• **ACTIVITY**
From the entries that follow, gather each line holding the word "Black".

*** SUPPLIED INFORMATION ***

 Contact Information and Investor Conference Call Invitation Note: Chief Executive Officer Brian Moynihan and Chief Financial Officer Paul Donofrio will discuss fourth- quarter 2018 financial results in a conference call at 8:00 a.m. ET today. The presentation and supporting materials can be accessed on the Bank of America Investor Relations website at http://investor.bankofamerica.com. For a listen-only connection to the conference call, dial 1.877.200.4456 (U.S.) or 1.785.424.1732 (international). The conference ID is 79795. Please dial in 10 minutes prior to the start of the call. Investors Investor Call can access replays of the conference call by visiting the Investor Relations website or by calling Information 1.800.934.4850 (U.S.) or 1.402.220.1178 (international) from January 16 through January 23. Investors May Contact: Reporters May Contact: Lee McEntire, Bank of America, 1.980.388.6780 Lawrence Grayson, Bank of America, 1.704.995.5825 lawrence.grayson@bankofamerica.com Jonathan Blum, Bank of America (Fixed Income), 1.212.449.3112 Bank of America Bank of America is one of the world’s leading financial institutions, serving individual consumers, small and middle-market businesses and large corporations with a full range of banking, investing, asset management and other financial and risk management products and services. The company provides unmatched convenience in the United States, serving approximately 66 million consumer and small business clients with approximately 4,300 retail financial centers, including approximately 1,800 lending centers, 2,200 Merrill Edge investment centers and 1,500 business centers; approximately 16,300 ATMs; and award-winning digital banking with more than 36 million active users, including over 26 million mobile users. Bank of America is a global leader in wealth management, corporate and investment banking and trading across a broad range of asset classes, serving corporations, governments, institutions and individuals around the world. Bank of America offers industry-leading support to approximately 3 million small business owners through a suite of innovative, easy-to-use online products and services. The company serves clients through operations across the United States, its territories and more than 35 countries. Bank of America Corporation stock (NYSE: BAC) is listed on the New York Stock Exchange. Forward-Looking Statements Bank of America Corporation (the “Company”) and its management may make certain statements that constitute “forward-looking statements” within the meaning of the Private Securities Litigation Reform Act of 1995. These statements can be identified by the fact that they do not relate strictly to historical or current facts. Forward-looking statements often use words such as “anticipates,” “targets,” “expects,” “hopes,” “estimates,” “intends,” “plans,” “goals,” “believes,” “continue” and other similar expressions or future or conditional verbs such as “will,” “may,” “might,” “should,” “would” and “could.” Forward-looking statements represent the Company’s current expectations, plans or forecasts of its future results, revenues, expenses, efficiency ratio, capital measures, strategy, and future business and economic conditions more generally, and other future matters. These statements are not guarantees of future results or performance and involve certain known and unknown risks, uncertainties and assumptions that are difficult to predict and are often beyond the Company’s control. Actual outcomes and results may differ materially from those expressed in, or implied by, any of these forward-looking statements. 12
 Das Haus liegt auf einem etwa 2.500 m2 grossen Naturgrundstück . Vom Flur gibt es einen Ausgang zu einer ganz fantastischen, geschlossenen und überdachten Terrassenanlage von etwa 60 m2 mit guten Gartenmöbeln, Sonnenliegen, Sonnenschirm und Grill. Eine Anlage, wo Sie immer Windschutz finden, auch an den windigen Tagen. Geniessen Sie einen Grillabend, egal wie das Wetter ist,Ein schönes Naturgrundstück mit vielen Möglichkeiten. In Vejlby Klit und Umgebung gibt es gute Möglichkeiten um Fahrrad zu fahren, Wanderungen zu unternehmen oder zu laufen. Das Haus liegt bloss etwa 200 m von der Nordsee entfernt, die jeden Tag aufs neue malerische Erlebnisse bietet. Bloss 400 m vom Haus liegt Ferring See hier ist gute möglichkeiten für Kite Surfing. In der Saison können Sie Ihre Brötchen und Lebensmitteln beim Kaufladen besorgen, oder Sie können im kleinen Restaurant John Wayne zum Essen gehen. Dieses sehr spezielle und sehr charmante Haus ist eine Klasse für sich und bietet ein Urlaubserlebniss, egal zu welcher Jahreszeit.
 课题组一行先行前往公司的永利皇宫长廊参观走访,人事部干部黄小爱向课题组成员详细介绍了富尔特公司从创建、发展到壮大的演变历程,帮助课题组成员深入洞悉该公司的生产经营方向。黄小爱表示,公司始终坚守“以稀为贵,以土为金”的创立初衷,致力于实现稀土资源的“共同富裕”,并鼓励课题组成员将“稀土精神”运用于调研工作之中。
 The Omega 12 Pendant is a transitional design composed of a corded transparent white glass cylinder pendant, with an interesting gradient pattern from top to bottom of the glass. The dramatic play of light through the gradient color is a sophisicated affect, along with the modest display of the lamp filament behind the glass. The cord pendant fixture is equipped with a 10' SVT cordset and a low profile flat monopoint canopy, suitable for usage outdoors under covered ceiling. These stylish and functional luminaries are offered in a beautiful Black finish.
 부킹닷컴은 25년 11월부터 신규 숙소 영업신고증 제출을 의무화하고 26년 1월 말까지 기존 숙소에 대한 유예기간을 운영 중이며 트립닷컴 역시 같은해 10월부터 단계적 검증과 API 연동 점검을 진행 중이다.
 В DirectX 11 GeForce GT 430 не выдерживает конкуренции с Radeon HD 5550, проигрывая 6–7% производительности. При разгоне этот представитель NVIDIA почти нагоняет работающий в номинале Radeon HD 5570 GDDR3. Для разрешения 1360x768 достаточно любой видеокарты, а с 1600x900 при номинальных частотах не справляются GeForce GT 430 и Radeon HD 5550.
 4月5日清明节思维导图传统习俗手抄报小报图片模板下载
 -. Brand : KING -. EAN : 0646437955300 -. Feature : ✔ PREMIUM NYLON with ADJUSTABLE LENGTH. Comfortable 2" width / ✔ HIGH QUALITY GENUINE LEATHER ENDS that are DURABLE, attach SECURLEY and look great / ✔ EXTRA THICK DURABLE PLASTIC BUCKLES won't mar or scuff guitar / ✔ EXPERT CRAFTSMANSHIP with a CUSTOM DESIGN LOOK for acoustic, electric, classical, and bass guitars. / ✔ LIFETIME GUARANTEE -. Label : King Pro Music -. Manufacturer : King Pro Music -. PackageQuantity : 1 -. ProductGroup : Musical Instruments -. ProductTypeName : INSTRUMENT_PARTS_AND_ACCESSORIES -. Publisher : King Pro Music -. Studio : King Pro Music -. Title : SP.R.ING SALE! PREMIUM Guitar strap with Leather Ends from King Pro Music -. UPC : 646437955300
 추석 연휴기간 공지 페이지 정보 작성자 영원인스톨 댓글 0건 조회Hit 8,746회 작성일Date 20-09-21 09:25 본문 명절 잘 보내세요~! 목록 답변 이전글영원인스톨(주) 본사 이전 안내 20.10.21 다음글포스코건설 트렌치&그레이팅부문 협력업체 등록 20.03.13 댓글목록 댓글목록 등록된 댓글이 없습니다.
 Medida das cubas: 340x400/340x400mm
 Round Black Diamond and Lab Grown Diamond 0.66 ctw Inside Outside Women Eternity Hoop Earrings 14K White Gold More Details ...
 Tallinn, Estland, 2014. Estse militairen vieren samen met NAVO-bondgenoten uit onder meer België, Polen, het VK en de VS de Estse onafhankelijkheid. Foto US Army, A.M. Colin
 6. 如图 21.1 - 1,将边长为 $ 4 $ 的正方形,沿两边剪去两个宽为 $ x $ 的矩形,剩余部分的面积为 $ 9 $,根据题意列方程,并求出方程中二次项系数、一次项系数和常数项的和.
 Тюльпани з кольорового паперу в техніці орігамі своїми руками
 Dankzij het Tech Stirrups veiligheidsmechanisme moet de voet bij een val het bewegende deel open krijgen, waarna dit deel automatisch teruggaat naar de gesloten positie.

*** End of SUPPLIED INFORMATION ***

• **ANSWER BELOW**
 The Omega 12 Pendant is a transitional design composed of a corded transparent white glass cylinder pendant, with an interesting gradient pattern from top to bottom of the glass. The dramatic play of light through the gradient color is a sophisicated affect, along with the modest display of the lamp filament behind the glass. The cord pendant fixture is equipped with a 10' SVT cordset and a low profile flat monopoint canopy, suitable for usage outdoors under covered ceiling. These stylish and functional luminaries are offered in a beautiful Black finish.
 Round Black Diamond and Lab Grown Diamond 0.66 ctw Inside Outside Women Eternity Hoop Earrings 14K White Gold More Details ...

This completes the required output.